In the study, Fluzone High-Dose vaccine was approximately 24% more effective in preventing influenza in adults 65 years of age and older than Fluzone vaccine. The results met the prespecified primary objective of the study, demonstrating statistically superior efficacy for Fluzone High-Dose vaccine. Additionally, the study results suggested consistent clinical benefit across the study years, influenza virus types, clinical illness definitions, and laboratory methods of influenza confirmation. This large, multi-year trial also reaffirmed the safety of Fluzone High-Dose vaccine as demonstrated in previous studies.
Research has shown that the immune system weakens as people age. Older adults are more susceptible to infections and less responsive to vaccination.
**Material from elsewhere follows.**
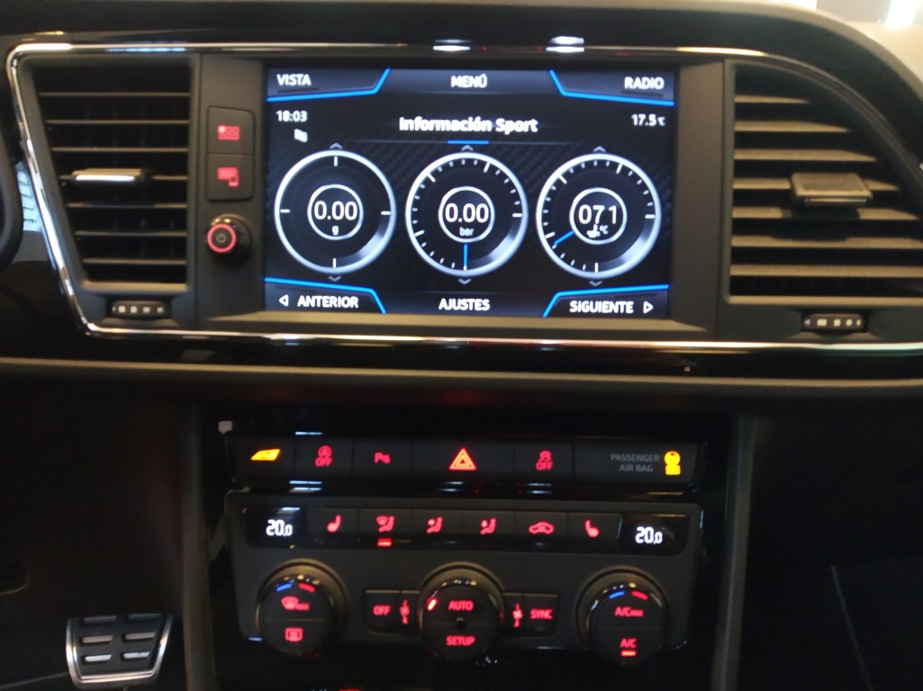 SEAT LEON 2.0 TSI 213KW (290CV) DSG 7 coche nacional equipado con arranque sin llave con acceso confort, cuadro digital, asientos tipo bucket calefactables, cámara trasera + Parktronic delantero y trasero , llanta 19, faros LED, Rueda de repuesto, navegación, full link, espejos regulables y plegables eléctricos, equipo de sonido beats audio, asistente de aviso de salida de carril, paquete iluminación ambiente, tapicería alcántara. 26.990 PVP financiando un min de 15.000€. 29.990 PVP de contado. Vehículo con certificación de km e historial de revisiones en concesionario oficial, revisión preentrega. Conceptcars concesionario en Chantada y Monforte de Lemos. Visita nuestra pagina web WWW.CONCEPTCARS.ES

When infected with the influenza virus, they are less able to mount an effective immune response to neutralize the attack. “Influenza vaccines have been shown to offer public health benefits in preventing influenza and its complications in all age groups; however, older adults still have the highest rates of influenza-related hospitalization and death despite having high immunization rates,” said John Shiver, senior vice-president, research and development, Sanofi Pasteur, in the press release. “This led Sanofi Pasteur to develop Fluzone High-Dose vaccine, which this trial has confirmed provides better protection against influenza compared to Fluzone vaccine in people 65 years of age and older.”
Fluzone High-Dose vaccine contains 60 mcg of hemagglutinin antigen per strain of influenza virus in the vaccine as compared to 15 mcg of influenza virus hemagglutinin antigen per strain of influenza virus in standard dose Fluzone vaccine. Fluzone High-Dose vaccine was licensed by the FDA under an accelerated approval process to address the medical need in older adults. As a requirement of the accelerated approval pathway, Sanofi Pasteur embarked on this large-scale, two-season, confirmatory efficacy trial, involving more than 30,000 participants 65 years of age and older, to evaluate the clinical benefit of Fluzone High-Dose vaccine compared to Fluzone vaccine in the prevention of influenza disease.